ASSIGNMENT. For this exercise, write each entry below out precisely and omit the pictures.

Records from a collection
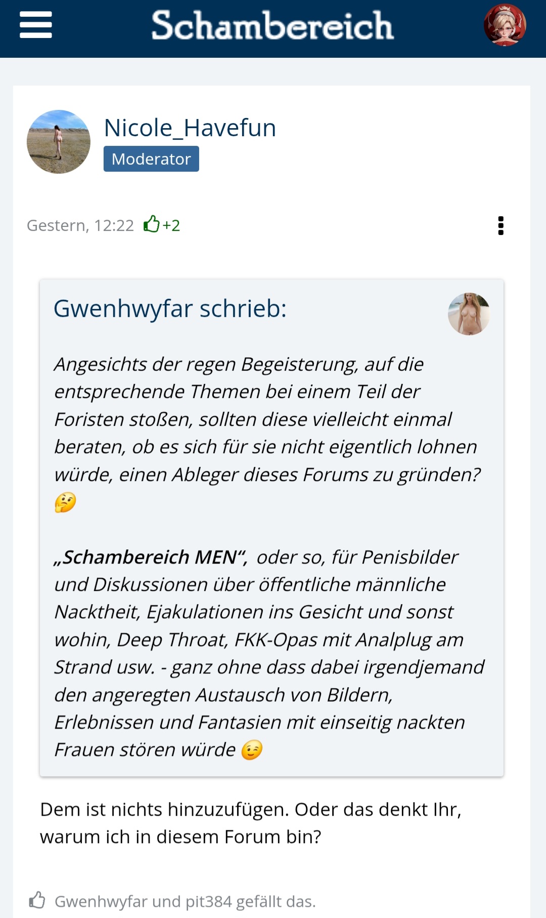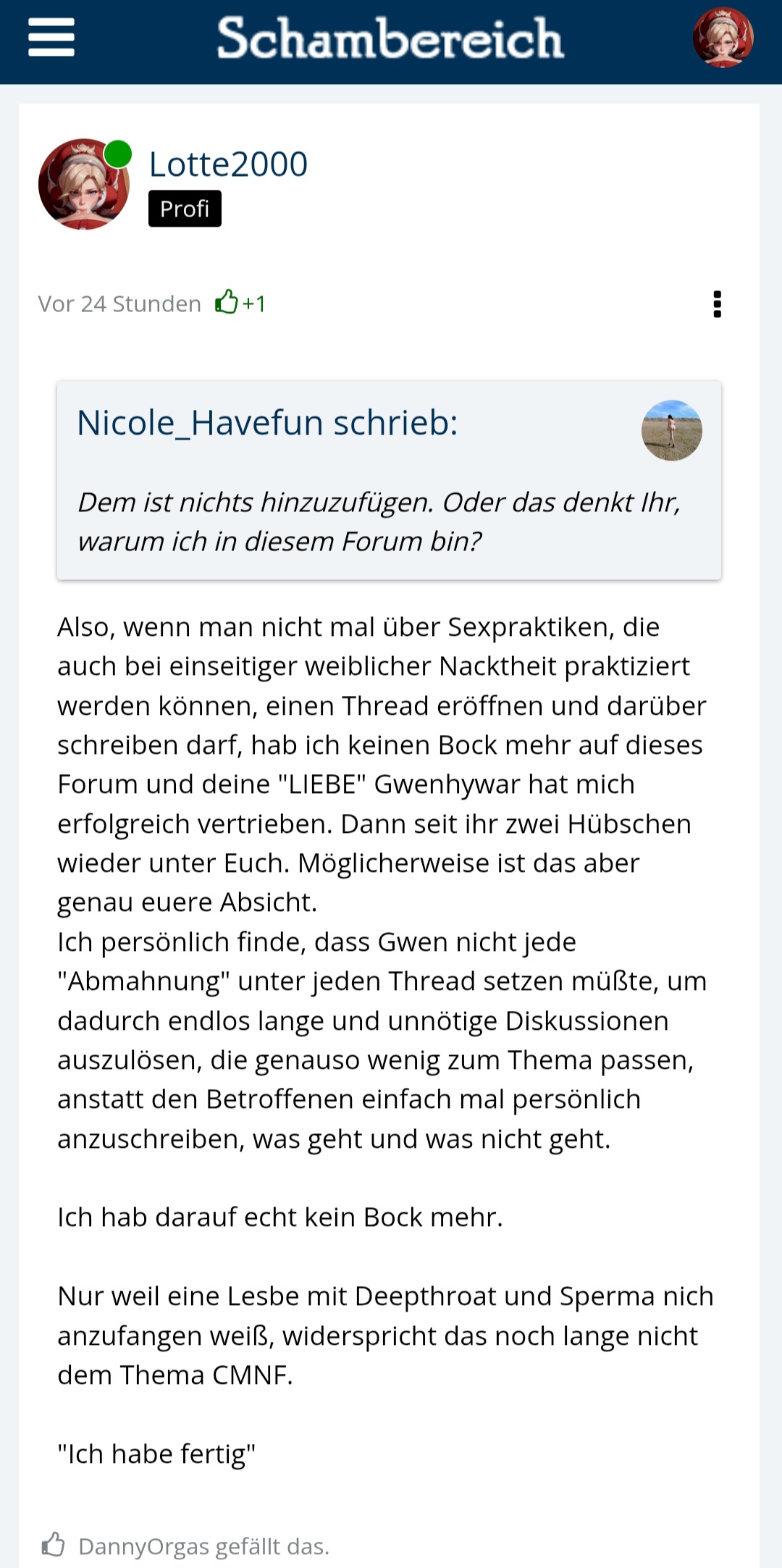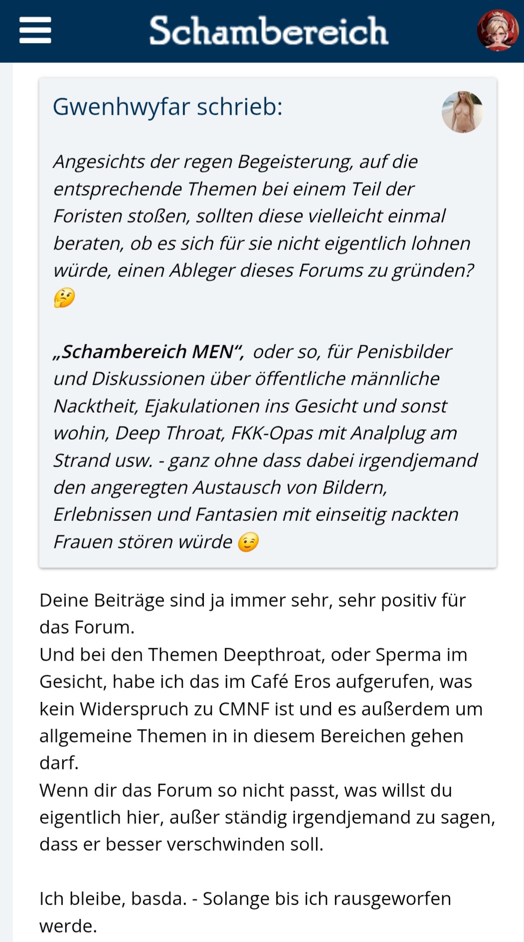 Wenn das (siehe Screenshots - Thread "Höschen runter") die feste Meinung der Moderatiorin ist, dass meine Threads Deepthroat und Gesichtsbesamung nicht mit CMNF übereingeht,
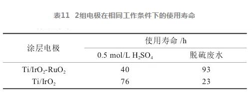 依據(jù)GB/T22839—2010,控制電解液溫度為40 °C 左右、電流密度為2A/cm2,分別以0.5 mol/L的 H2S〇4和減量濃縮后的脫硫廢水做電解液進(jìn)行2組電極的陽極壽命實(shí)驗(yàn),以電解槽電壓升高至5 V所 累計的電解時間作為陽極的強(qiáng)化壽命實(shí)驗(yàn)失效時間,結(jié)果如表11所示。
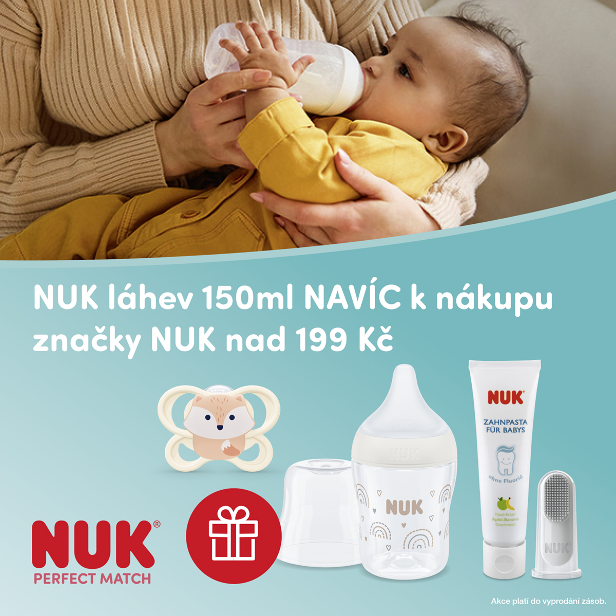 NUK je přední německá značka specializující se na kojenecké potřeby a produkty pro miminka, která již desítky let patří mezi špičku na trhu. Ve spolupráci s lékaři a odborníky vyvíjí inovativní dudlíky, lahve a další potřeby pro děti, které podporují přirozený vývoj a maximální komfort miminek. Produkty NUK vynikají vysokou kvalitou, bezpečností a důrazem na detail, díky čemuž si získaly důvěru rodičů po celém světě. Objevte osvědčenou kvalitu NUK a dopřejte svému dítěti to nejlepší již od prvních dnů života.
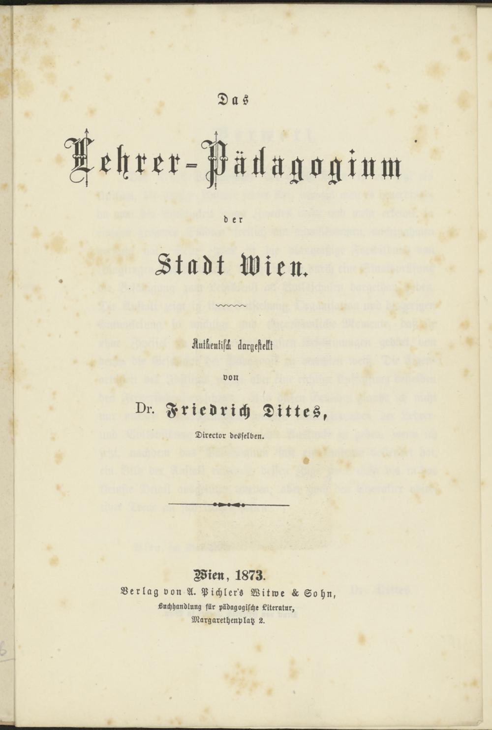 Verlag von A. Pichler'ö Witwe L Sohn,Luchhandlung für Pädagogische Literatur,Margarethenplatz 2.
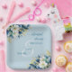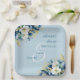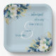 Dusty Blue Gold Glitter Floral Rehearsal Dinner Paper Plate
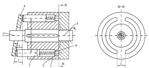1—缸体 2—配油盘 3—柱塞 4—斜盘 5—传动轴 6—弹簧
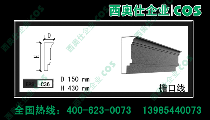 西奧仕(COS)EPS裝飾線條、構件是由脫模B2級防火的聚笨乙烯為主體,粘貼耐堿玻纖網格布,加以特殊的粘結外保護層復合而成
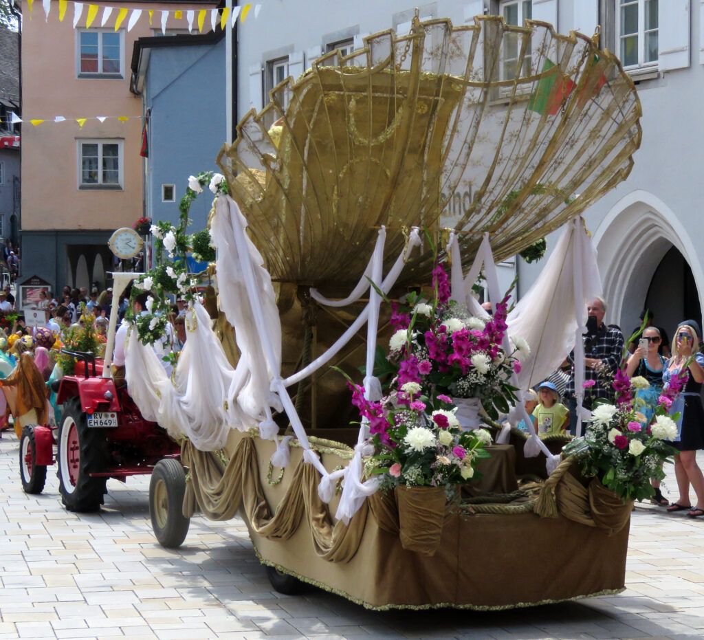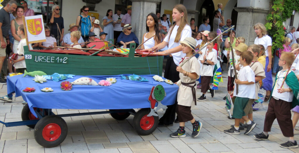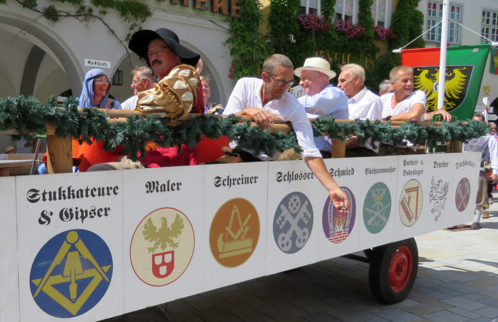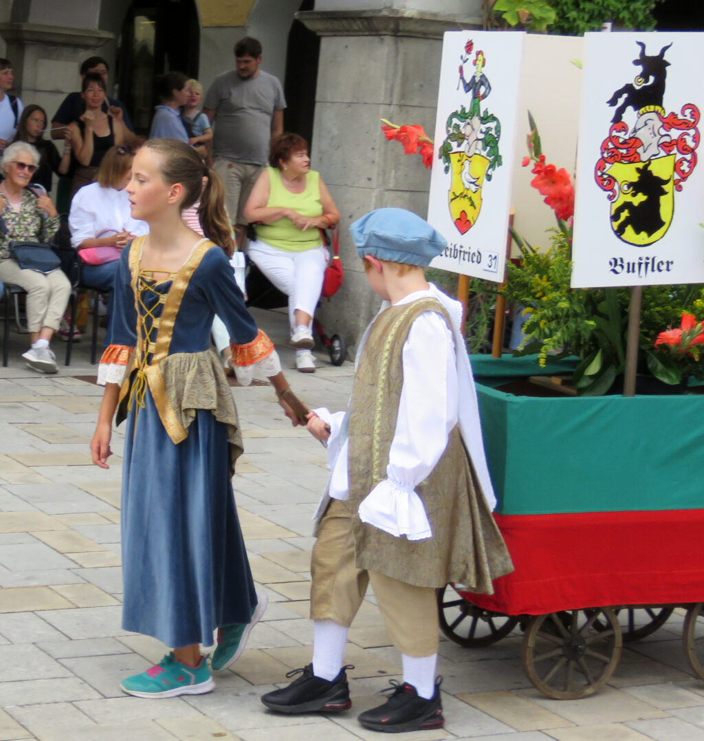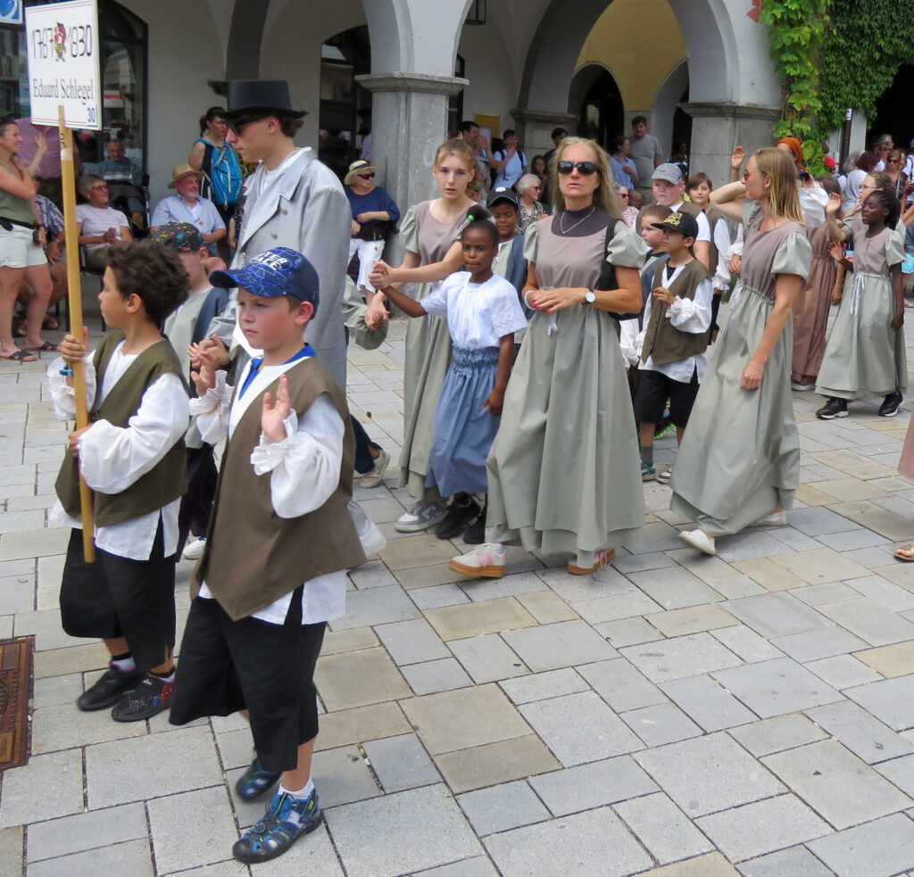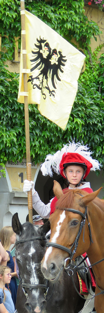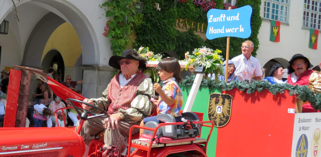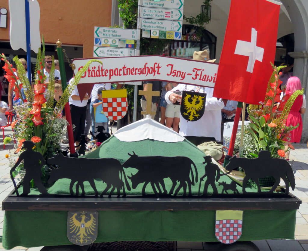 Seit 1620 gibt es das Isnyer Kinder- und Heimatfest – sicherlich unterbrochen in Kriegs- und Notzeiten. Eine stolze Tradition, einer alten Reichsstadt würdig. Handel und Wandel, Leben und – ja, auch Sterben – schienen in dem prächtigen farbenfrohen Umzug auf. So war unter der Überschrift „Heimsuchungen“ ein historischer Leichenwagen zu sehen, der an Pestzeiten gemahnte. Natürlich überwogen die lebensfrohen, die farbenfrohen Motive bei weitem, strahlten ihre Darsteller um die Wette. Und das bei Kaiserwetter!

EXERCISE OUTPUT.
 Wenn das (siehe Screenshots - Thread "Höschen runter") die feste Meinung der Moderatiorin ist, dass meine Threads Deepthroat und Gesichtsbesamung nicht mit CMNF übereingeht,
 依據(jù)GB/T22839—2010,控制電解液溫度為40 °C 左右、電流密度為2A/cm2,分別以0.5 mol/L的 H2S〇4和減量濃縮后的脫硫廢水做電解液進(jìn)行2組電極的陽極壽命實(shí)驗(yàn),以電解槽電壓升高至5 V所 累計的電解時間作為陽極的強(qiáng)化壽命實(shí)驗(yàn)失效時間,結(jié)果如表11所示。
 NUK je přední německá značka specializující se na kojenecké potřeby a produkty pro miminka, která již desítky let patří mezi špičku na trhu. Ve spolupráci s lékaři a odborníky vyvíjí inovativní dudlíky, lahve a další potřeby pro děti, které podporují přirozený vývoj a maximální komfort miminek. Produkty NUK vynikají vysokou kvalitou, bezpečností a důrazem na detail, díky čemuž si získaly důvěru rodičů po celém světě. Objevte osvědčenou kvalitu NUK a dopřejte svému dítěti to nejlepší již od prvních dnů života.
 Verlag von A. Pichler'ö Witwe L Sohn,Luchhandlung für Pädagogische Literatur,Margarethenplatz 2.
 Dusty Blue Gold Glitter Floral Rehearsal Dinner Paper Plate
1—缸体 2—配油盘 3—柱塞 4—斜盘 5—传动轴 6—弹簧
 西奧仕(COS)EPS裝飾線條、構件是由脫模B2級防火的聚笨乙烯為主體,粘貼耐堿玻纖網格布,加以特殊的粘結外保護層復合而成
 Seit 1620 gibt es das Isnyer Kinder- und Heimatfest – sicherlich unterbrochen in Kriegs- und Notzeiten. Eine stolze Tradition, einer alten Reichsstadt würdig. Handel und Wandel, Leben und – ja, auch Sterben – schienen in dem prächtigen farbenfrohen Umzug auf. So war unter der Überschrift „Heimsuchungen“ ein historischer Leichenwagen zu sehen, der an Pestzeiten gemahnte. Natürlich überwogen die lebensfrohen, die farbenfrohen Motive bei weitem, strahlten ihre Darsteller um die Wette. Und das bei Kaiserwetter!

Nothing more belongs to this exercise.